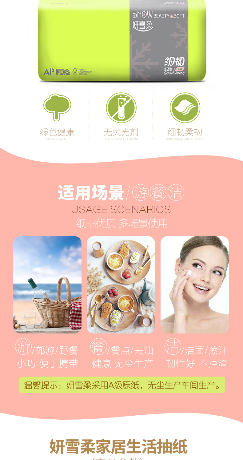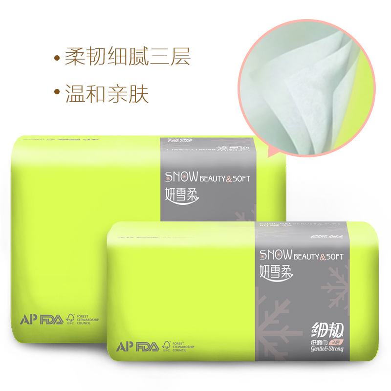 30包/8包妍雪柔3层抽纸整箱原木纸巾面巾300张餐巾孕婴卫生纸批发
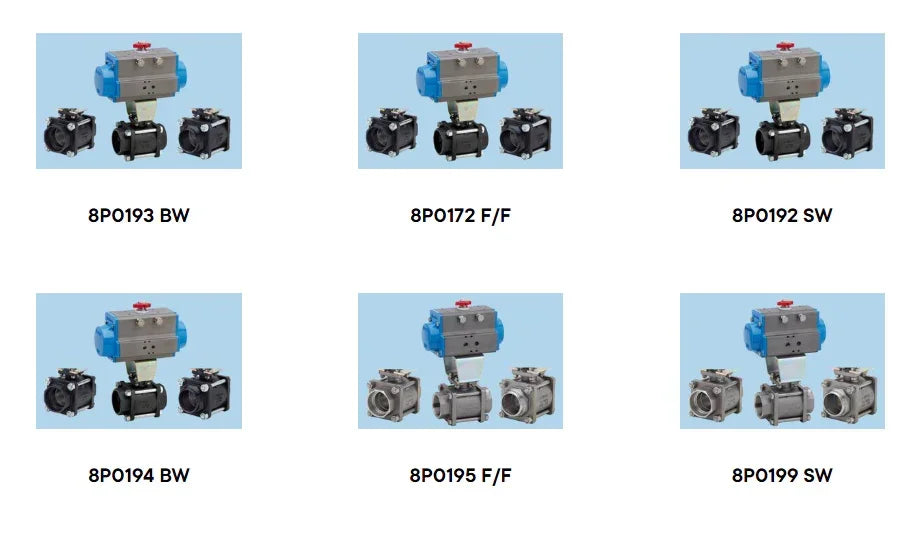 · Actionneurs SR Vanne à boisseau sphérique à passage intégral en acier au carbone 2 voies 3 pièces, extrémités filetées, avec actionneur pneumatique à double effet (710003).
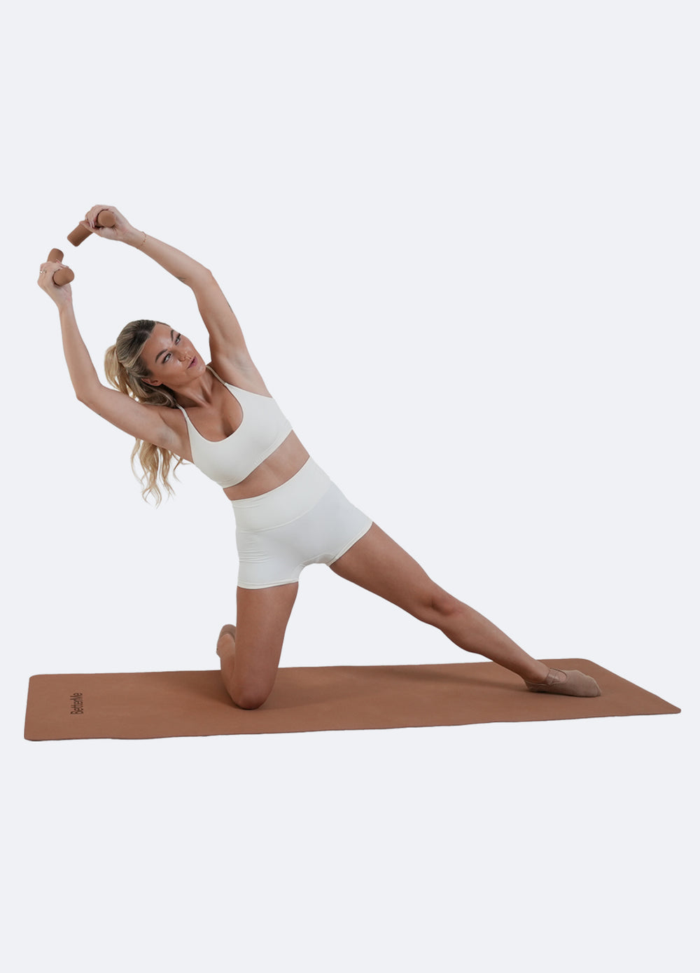 Comienza en una plancha lateral con la mano derecha en el suelo. Sujeta la mancuerna con la mano izquierda por encima de la cabeza. Dobla las rodillas y baja el brazo hacia los pies. Estira las piernas y vuelve a subir el brazo. A continuación, dobla el brazo izquierdo hacia el suelo delante de ti. Vuelve a la posición inicial con el brazo por encima de la cabeza.
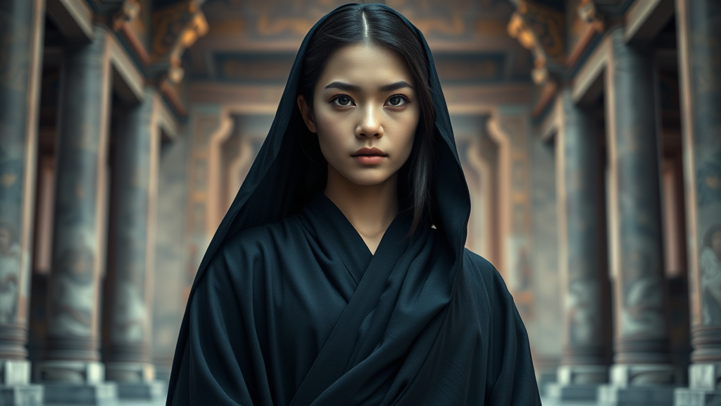 A young woman clad in dark, flowing robes with a serene expression stands in a majestic temple setting. Her eyes, perfectly symmetrical, reflect a calm intensity. The scene is illuminated by dramatic lighting that highlights her features with precision. Photographed in ultra-high definition, the image showcases hyperrealism with intricate details and sharp focus. Rendered with physics-based techniques, the depiction conjures the feeling of a high-detail RAW color photograph. The overall composition is designed to serve as a highly detailed 8K wallpaper, showcasing exceptional clarity and realism. The temple background, with its grand architecture, adds a sense of history and mystery to the scene. The focus remains on authenticity and capturing the essence of a realistic scenario, while avoiding digital artifacts or anatomical errors that could detract from the composition.
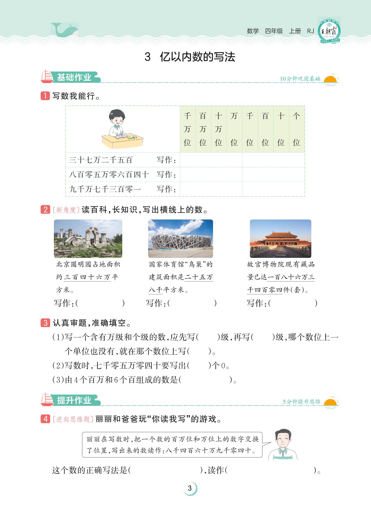 2023上册四年级数学人教版 第一单元 大数的认识——3 亿以内数的写法
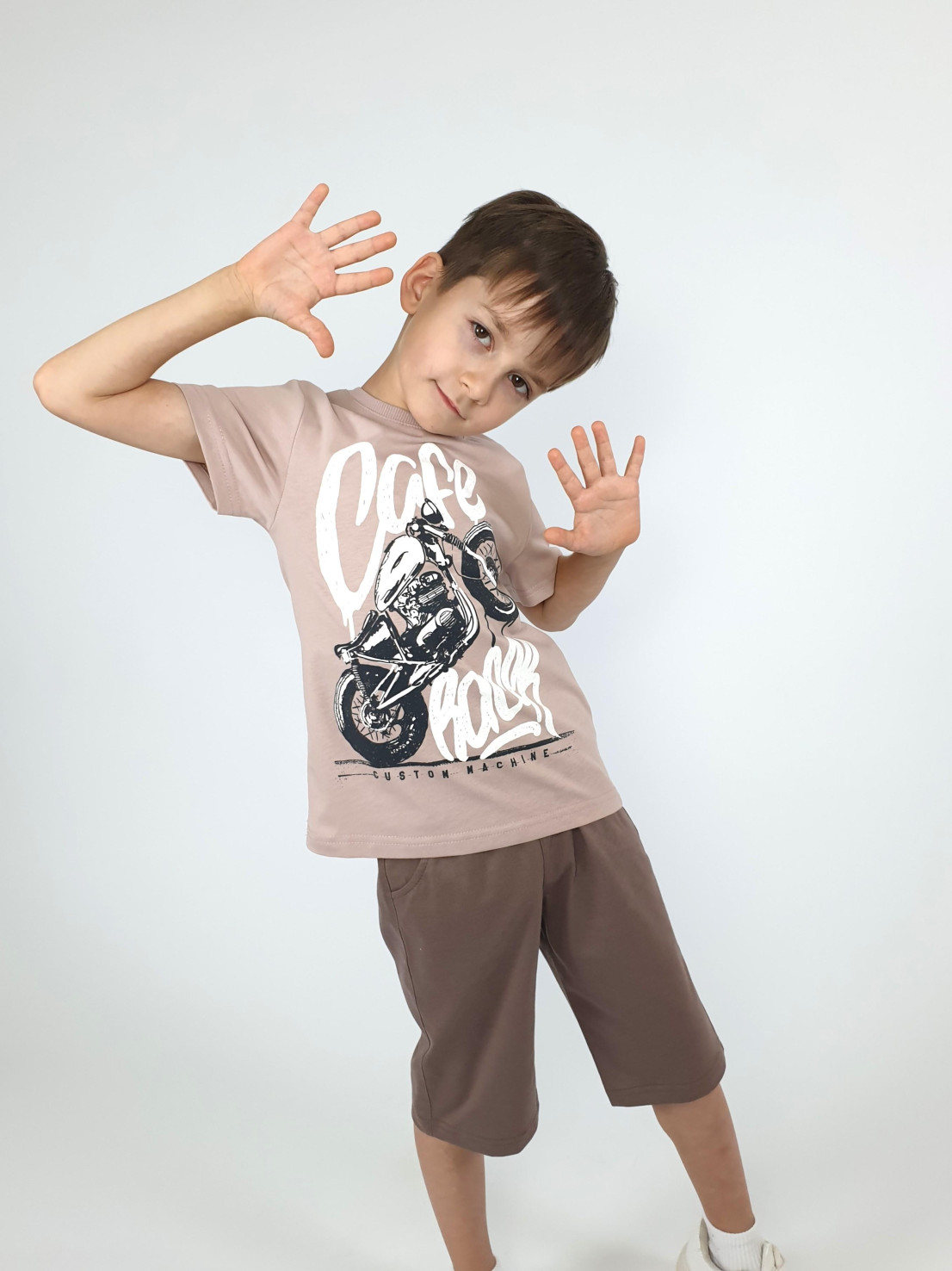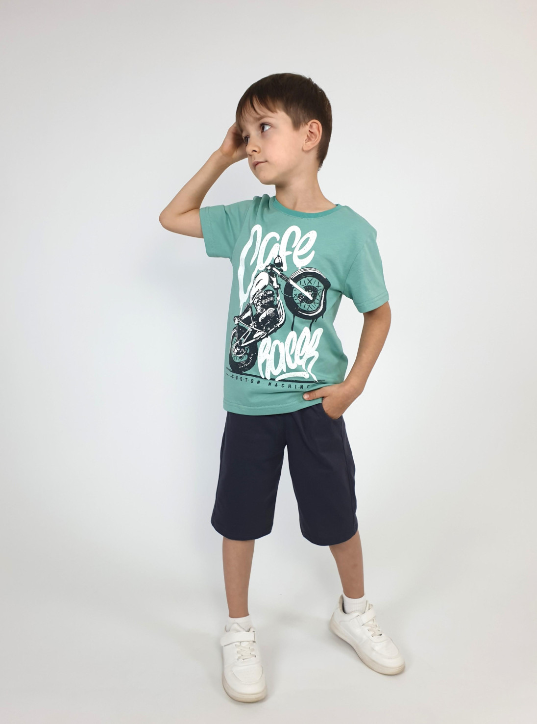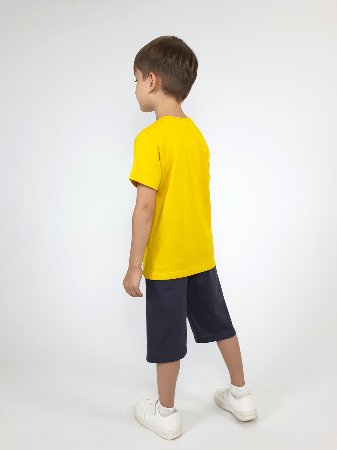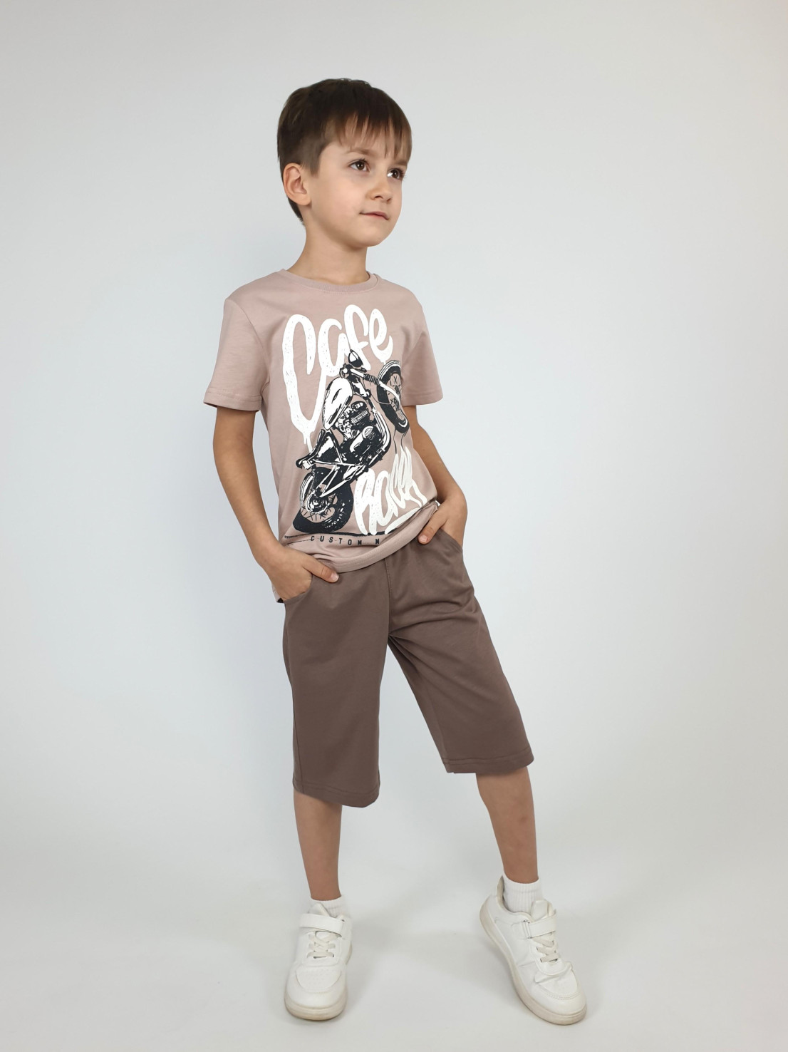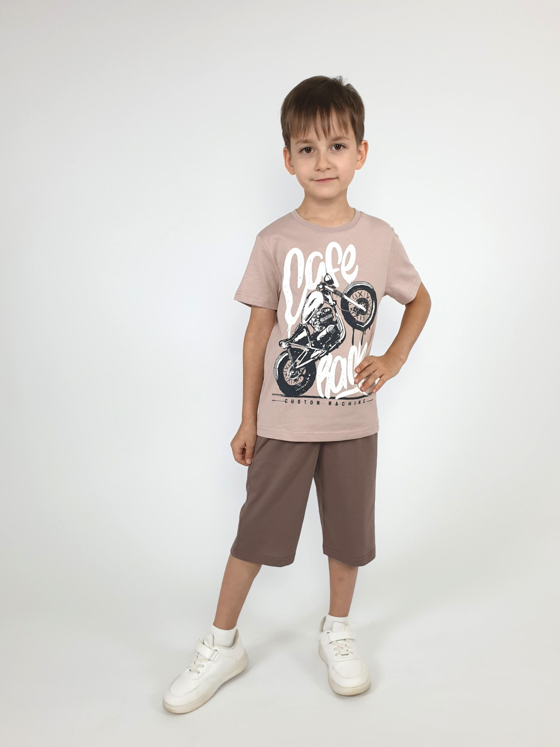 Кулирное полотно: 100% х/б. Джемпер-прямой,перед с печатью.Короткий,втачной рукав.Горловина обработана ластиком. Шорты-удлиненные с притачным поясом и резинкой.Два боковых кармана.
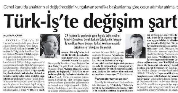 Türk-İş’te 29 Hazıran’da olağanüstü genel kurul olacağı dillendınlirken, Petrol-lş Sendikası Genel Başkanı Mustafa Oztaşkın ile Tekgıda-lş Sendikası Genel Başkanı Mustafa Türkel, değişimin şart olduğunu dile getirdi. Tekgıda-lş Sendikası Genel Başkanı Mustafa Türkel, delege sayılarındaki usulsüzlük nedeniyle Türk-lş’ın son genel kurulunun iptali istemiyle açtıkları davayı geri çekmediklerini bildirdi.

※

The images are to be left out; every line above should be set down exactly.

> **SOLUTION TO THIS TASK**:
 30包/8包妍雪柔3层抽纸整箱原木纸巾面巾300张餐巾孕婴卫生纸批发
 · Actionneurs SR Vanne à boisseau sphérique à passage intégral en acier au carbone 2 voies 3 pièces, extrémités filetées, avec actionneur pneumatique à double effet (710003).
 Comienza en una plancha lateral con la mano derecha en el suelo. Sujeta la mancuerna con la mano izquierda por encima de la cabeza. Dobla las rodillas y baja el brazo hacia los pies. Estira las piernas y vuelve a subir el brazo. A continuación, dobla el brazo izquierdo hacia el suelo delante de ti. Vuelve a la posición inicial con el brazo por encima de la cabeza.
 A young woman clad in dark, flowing robes with a serene expression stands in a majestic temple setting. Her eyes, perfectly symmetrical, reflect a calm intensity. The scene is illuminated by dramatic lighting that highlights her features with precision. Photographed in ultra-high definition, the image showcases hyperrealism with intricate details and sharp focus. Rendered with physics-based techniques, the depiction conjures the feeling of a high-detail RAW color photograph. The overall composition is designed to serve as a highly detailed 8K wallpaper, showcasing exceptional clarity and realism. The temple background, with its grand architecture, adds a sense of history and mystery to the scene. The focus remains on authenticity and capturing the essence of a realistic scenario, while avoiding digital artifacts or anatomical errors that could detract from the composition.
 2023上册四年级数学人教版 第一单元 大数的认识——3 亿以内数的写法
 Кулирное полотно: 100% х/б. Джемпер-прямой,перед с печатью.Короткий,втачной рукав.Горловина обработана ластиком. Шорты-удлиненные с притачным поясом и резинкой.Два боковых кармана.
 Türk-İş’te 29 Hazıran’da olağanüstü genel kurul olacağı dillendınlirken, Petrol-lş Sendikası Genel Başkanı Mustafa Oztaşkın ile Tekgıda-lş Sendikası Genel Başkanı Mustafa Türkel, değişimin şart olduğunu dile getirdi. Tekgıda-lş Sendikası Genel Başkanı Mustafa Türkel, delege sayılarındaki usulsüzlük nedeniyle Türk-lş’ın son genel kurulunun iptali istemiyle açtıkları davayı geri çekmediklerini bildirdi.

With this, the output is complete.